Elizabeth Blaber

Elizabeth Blaber
Assistant Professor, Biomedical Engineering
Bio

Elizabeth A. Blaber, Ph.D. is an Assistant Professor in the Biomedical Engineering Department at Rensselaer Polytechnic Institute (RPI), a Visiting Scientist with the Blue Marble Space Institute of Science at NASA Ames Research Center and a Space Biology Principal Investigator. She earned her Bachelor of Medical Sciences (Honors) at the University of New South Wales, Sydney, Australia and her Ph.D. in Molecular Genetics and Biochemistry from the same University. Prior to joining RPI, Dr. Blaber conducted research at NASA Ames Research Center. Throughout her career she has aimed to further NASA’s human research and space biology programs by investigating the role of microgravity on stem cell growth and regenerative functions. Dr. Blaber’s research is focused on understanding how stem cells and consequently, tissue regeneration, are affected by spaceflight stressors. She is also investigating the effects of alterations to the bone marrow microenvironment on peripheral tissue degeneration and disease progression.

Dr. Blaber has provided lead science support for over six spaceflight experiments, including several Space Shuttle missions with rodents (STS-131, STS-133 and STS-135), and embryonic stem cells (STL-1 and STL-2). Dr. Blaber investigated the role of the cell cycle in stem cell-based tissue regeneration during mechanical unloading in spaceflight during her NASA Postdoctoral Program Fellowship at NASA Ames and participated in the US/Russia collaborative Bion-M1 Mouse Biospecimen Sharing Program in Moscow, Russia. In 2014, she was awarded a NASA Space Biology Spaceflight Grant as a Principal Investigator to continue investigating the role of CDKN1a/p21 on somatic stem cell differentiation in space. Dr. Blaber is also a co-Investigator on the RR10 mission to assess in vivo bone formation in CDKN1a/p21 knockout and wildtype animals.  She is one of the Principal Investigators for the upcoming BionM2 mission and a Co-PI on an NSF/ISS collaborative spaceflight experiment aimed to launch in 2022. 

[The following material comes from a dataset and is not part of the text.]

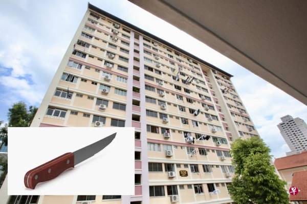 被告在父亲居住的组屋单位外刀袭父亲。(陈佩敏摄)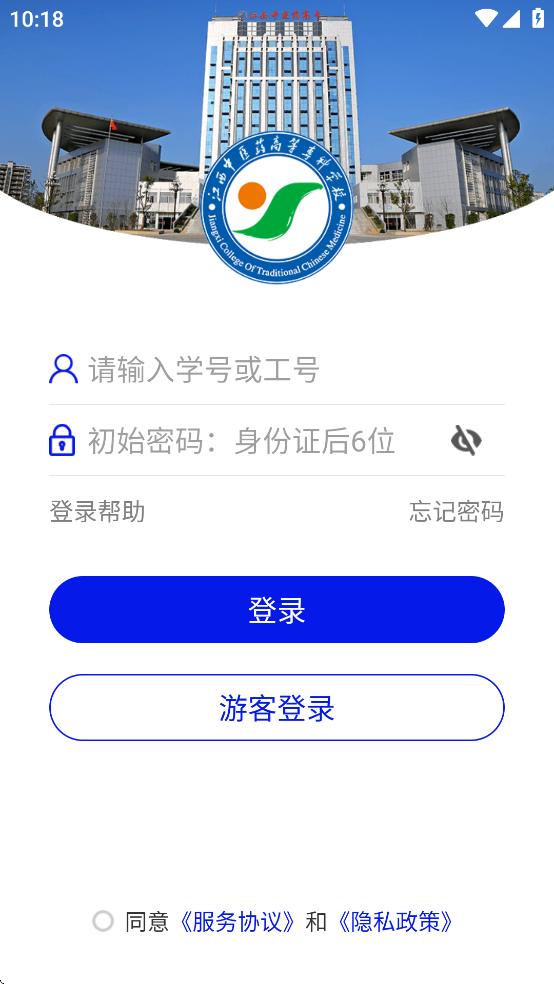 下载并安装完成app,打开如图所示。输入工号/学号,初始密码为身份证后6位进行登录

Dr. Blaber’s contributions to spaceflight research include articles defining cellular, molecular and tissue mechanisms of bone loss in microgravity as well as the effects of microgravity mechanical unloading on mesenchymal and hematopoietic stem cell proliferation and differentiation during tissue regeneration. 

Dr. Blaber is incredibly passionate about the spaceflight community, advocating for new opportunities and for enabling students and underrepresented populations to become involved in spaceflight research. She has been a member of ASGSB/ASGSR since 2010 and was a Student Board member prior to being elected to the Governing Board in 2016. Dr. Blaber has also served as Co-Chair of the Gravitational Physiology Scientific Sub-Committee for the Committee on Space Research (COSPAR) since 2014 and she currently serves on the Editorial Board for Stem Cells and Development and Frontiers in Physiology: Environmental, Aviation and Space Physiology. 

Throughout her career at NASA Ames Research Center and at RPI, Dr. Blaber has mentored many high school, undergraduate and graduate students and provided opportunities to students to pursue their passions in research, engineering, spaceflight, and biological sciences. She has organized outreach activities for middle and high school students in minority communities both domestically and internationally and has spoken at several Women in STEM conferences. Dr. Blaber also participates in several STEAM mentorship programs including Saturday Morning Scholars and Engineering Ambassadors at RPI. Dr. Blaber also created, developed, and taught the GeneLab for High Schools Summer Training Program in 2017 aimed at introducing high school students to space-based research and bioinformatics analysis of GeneLab datasets. She has continued to direct and teach this program over the last 5 years, including transitioning the program to the virtual environment during 2020 and 2021. Currently Dr. Blaber is working with QuestStar III to enable similar semester-long programs for over 40,000 students from 23 school districts in the NY Capital Region.  

Dr. Blaber has been honored with several prestigious awards including the Thora W. Halstead Young Investigator Award, the NASA Early Career Public Achievement Medal, NASA Honor Awards, the Australian-American Individual Innovator of the Year Award, the Emerging Space Leaders Grant from the International Astronautical Federation and has been invited to present her research at several prestigious institutes including the Center for Induced Pluripotent Stem Cell Research and Applications (CiRA) in Kyoto, Japan.